Abstract:KV cache compression is critical for efficient long-context LLM inference. Approaches that reduce the per-pair footprint -- quantization and low-rank decomposition -- are orthogonal to those that reduce the sequence length of the cache. Along the sequence-length dimension, existing methods range from pure eviction -- selecting which KV pairs to keep -- to merging, which combines similar pairs into fewer ones. Both remain anchored to the original cache entries. We propose KVSculpt, which moves to the other end of this spectrum: instead of selecting or combining original pairs, we optimize a smaller set of unconstrained KV pairs in continuous embedding space to preserve each layer's attention behavior. Keys are optimized via L-BFGS and values are solved in closed form via least squares, alternating every few steps.
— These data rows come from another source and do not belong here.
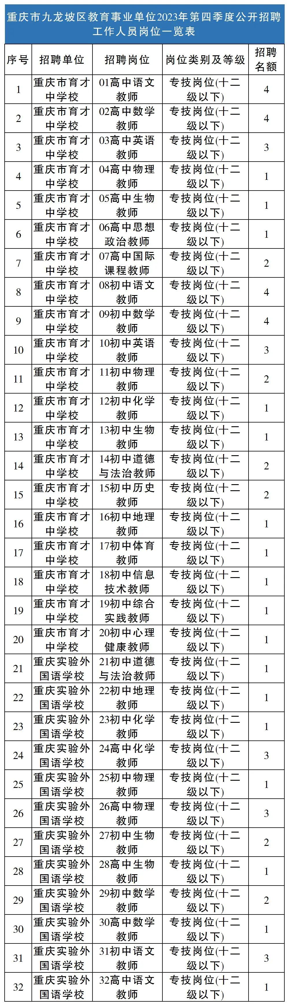 【招聘信息】-重庆市九龙坡区教育事业单位2023年第四季度公开招聘工作人员公告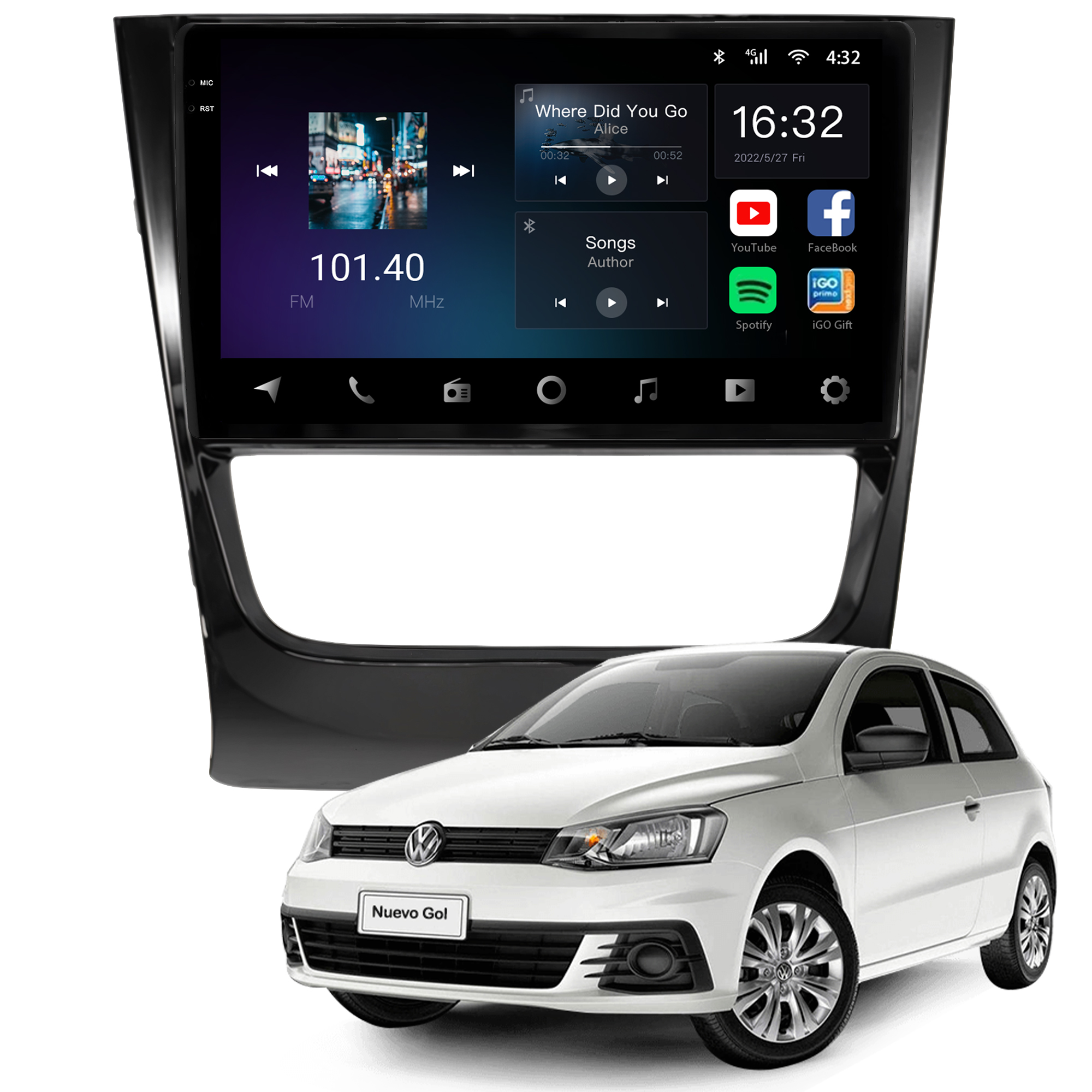- Bluetooth: Permite realizar e receber ligações. Possui agenda telefônica com pesquisa de nomes, histórico de chamadas, funções auto-conectar.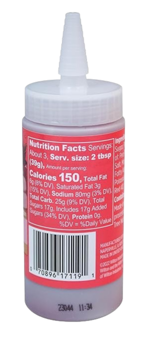 Ingredients: Wheat Glucose Syrup, Sugar, Palm Oil, Water 2% Or Less Of: Pea Protein, Natural Flavor, Salt, Mono And Diglycerides Of Fatty Acids, Citric Acid, Glycerin, Potassium Sorbate (Preservative), Red 40, Tellow 5.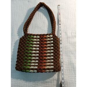 New Handmade Women's Knit Handbag Brown with Geo Pattern Double Top Handles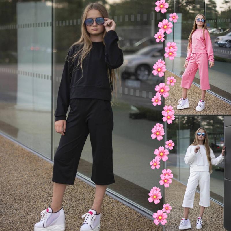 Ціна -495 грн Розміри - 134-140,140-146,146-152,152-158 Костюм двійка Тканина двонитка високої якості Колір - молочний, чорний, розовий №2080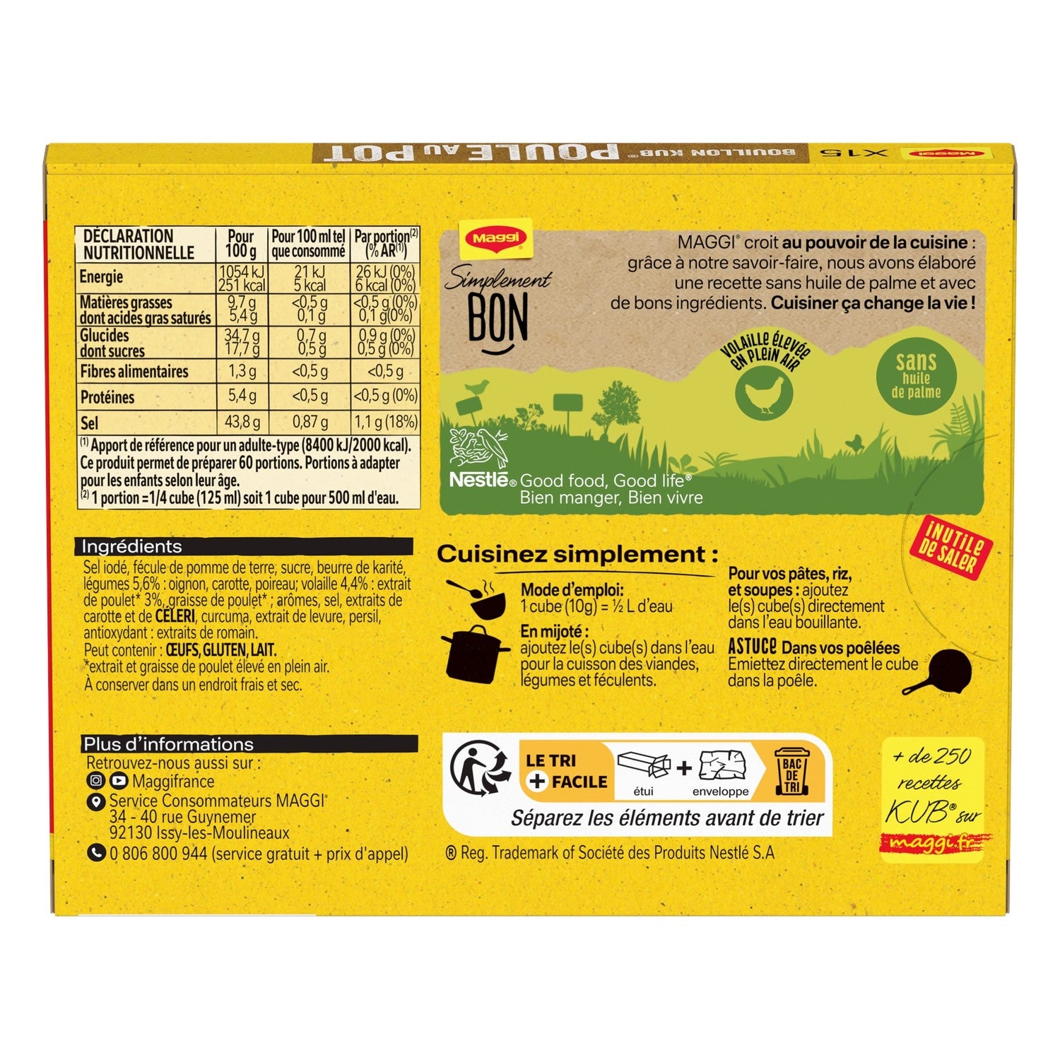 Découvrez le bouillon KUB Poule au Pot de MAGGI ! Une recette riche en goût, préparée à partir de volaille élevée en plein air et de légumes savoureux (oignons, carottes, poireaux, navets) qui rehaussera en un instant vos viandes blanches, vos consommés, vos légumineuses ou vos poêlées de légumes, en leur donnant un bon goût de volaille cuisinée et de légumes. Recette avec de bons ingrédients et sans huile de palme.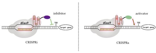 Qi et al. (2013) mutated two conserved endonuclease domains of Cas9 in CRISPR/Cas9 system. The aspartic acid at position 10 of RuvC domain was mutated to alanine (D10A) and histidine at position 840 of HNH domain was mutated to alanine (H840A), so that Cas9 protein lost endonuclease activity and became dead Cas9 (dCas9), which cannot cut DNA but still can bind to specific target DNA sequences with the guide RNA [28]. Therefore, dCas9 binds to the upstream region of the promoter transcription start site (TSS) region and disrupts RNA polymerase or transcription factor binding to the promoter, resulting in inhibition of gene expression without altering the genome. This gene transcription regulation strategy was defined as CRISPR interference (CRISPRi) [29]. The inhibition intensity of CRISPRi system can reach 1000-fold mostly in prokaryotes [30]. CRISPR interference is also widely used in plants such as Nicotiana tabacum, Zea mays, and Arabidopsis thaliana (as shown in Table 1) [31,32,33,34,35,36]. CRISPR interference can be used as an alternative tool for RNAi. Conversely, CRISPR/Cas-derived transcriptional activation (CRISPRa) also can be achieved by dCas9. Bikard et al. (2013) fused the dCas9 protein with ω subgroups (rpoZ) in E. coli, and this dCas9-ω complex increased the reporter gene transcriptional level up to 2.8-fold [37]. The models of CRISPR mediated transcriptional regulation are shown in Figure 2.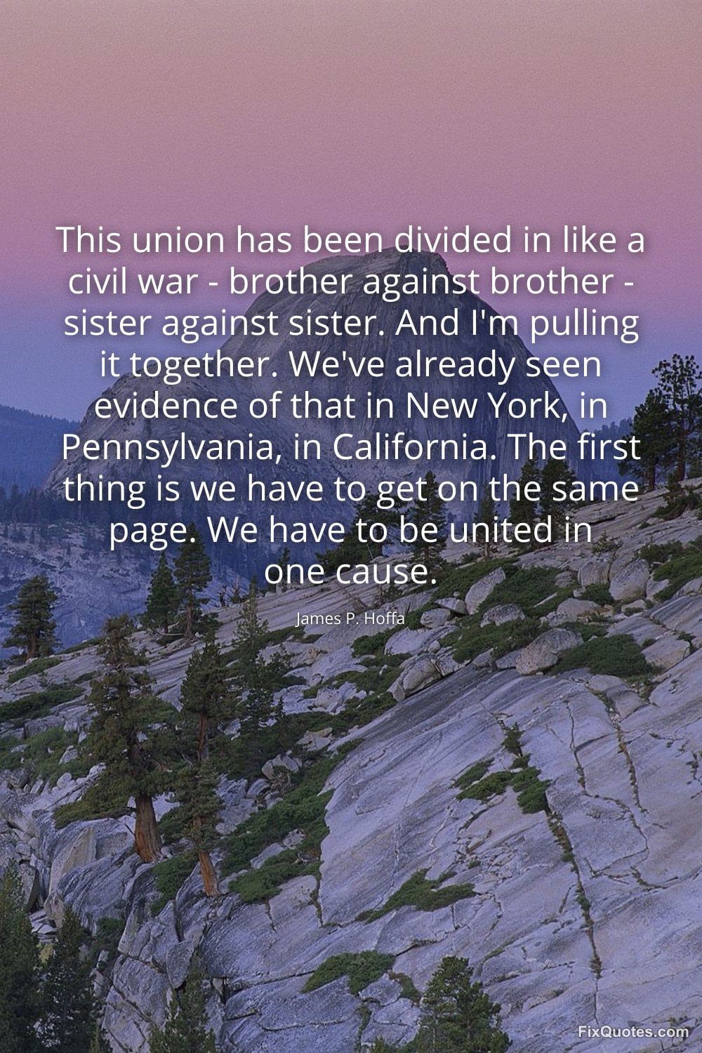 Hoffa, James P. (2026, January 15). This union has been divided in like a civil war - brother against brother - sister against sister. And I'm pulling it together. We've already seen evidence of that in New York, in Pennsylvania, in California. The first thing is we have to get on the same page. We have to be united in one cause. FixQuotes. https://fixquotes.com/quotes/this-union-has-been-divided-in-like-a-civil-war-154610/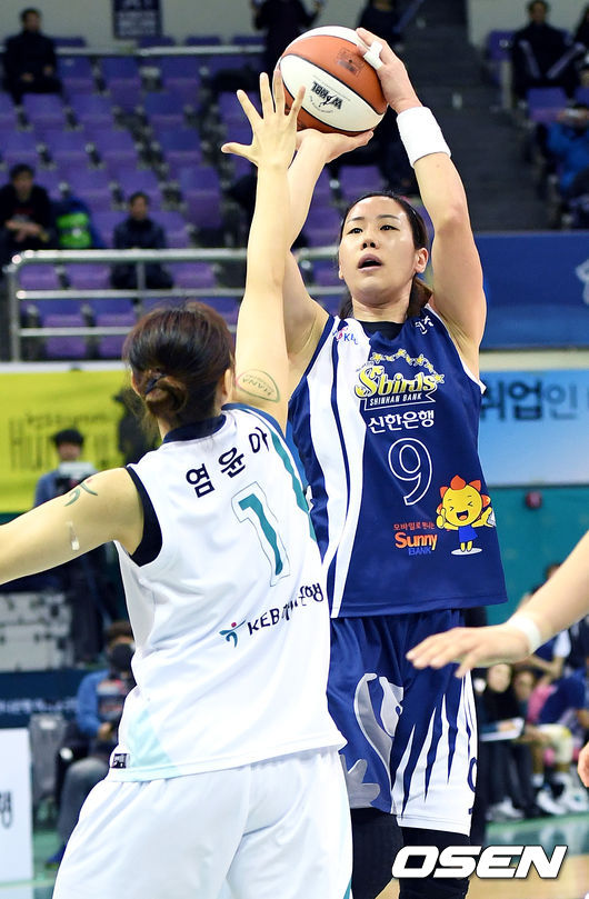 2일 오후 경기도 부천시 부천체육관에서 진행된 2016-2017 삼성생명 여자프로농구 KEB하나은행과 신한은행의 경기, 1쿼터 신한은행 곽주영이 3점 슛을 시도하고 있다. / eastsea@osen.co.kr

On top of this, we introduce adaptive budget allocation, which uses a cheap pilot compression run to redistribute the compression budget across layers and KV heads based on per-component difficulty. On Qwen2.5-1.5B-Instruct with 2048-token contexts, KVSculpt reduces KL divergence by 3.5-4.1x compared to Select+Fit -- attention-score eviction with least-squares value fitting -- across compression ratios r in {0.3, 0.5, 0.7}. Adaptive allocation provides an additional 1.3x KL reduction at no extra inference cost. Analysis reveals that compression difficulty is highly non-uniform: per-layer pilot MSE varies by up to 100x across layers, and the two KV heads within a single layer can differ by up to 467x -- demonstrating that fine-grained budget allocation is essential.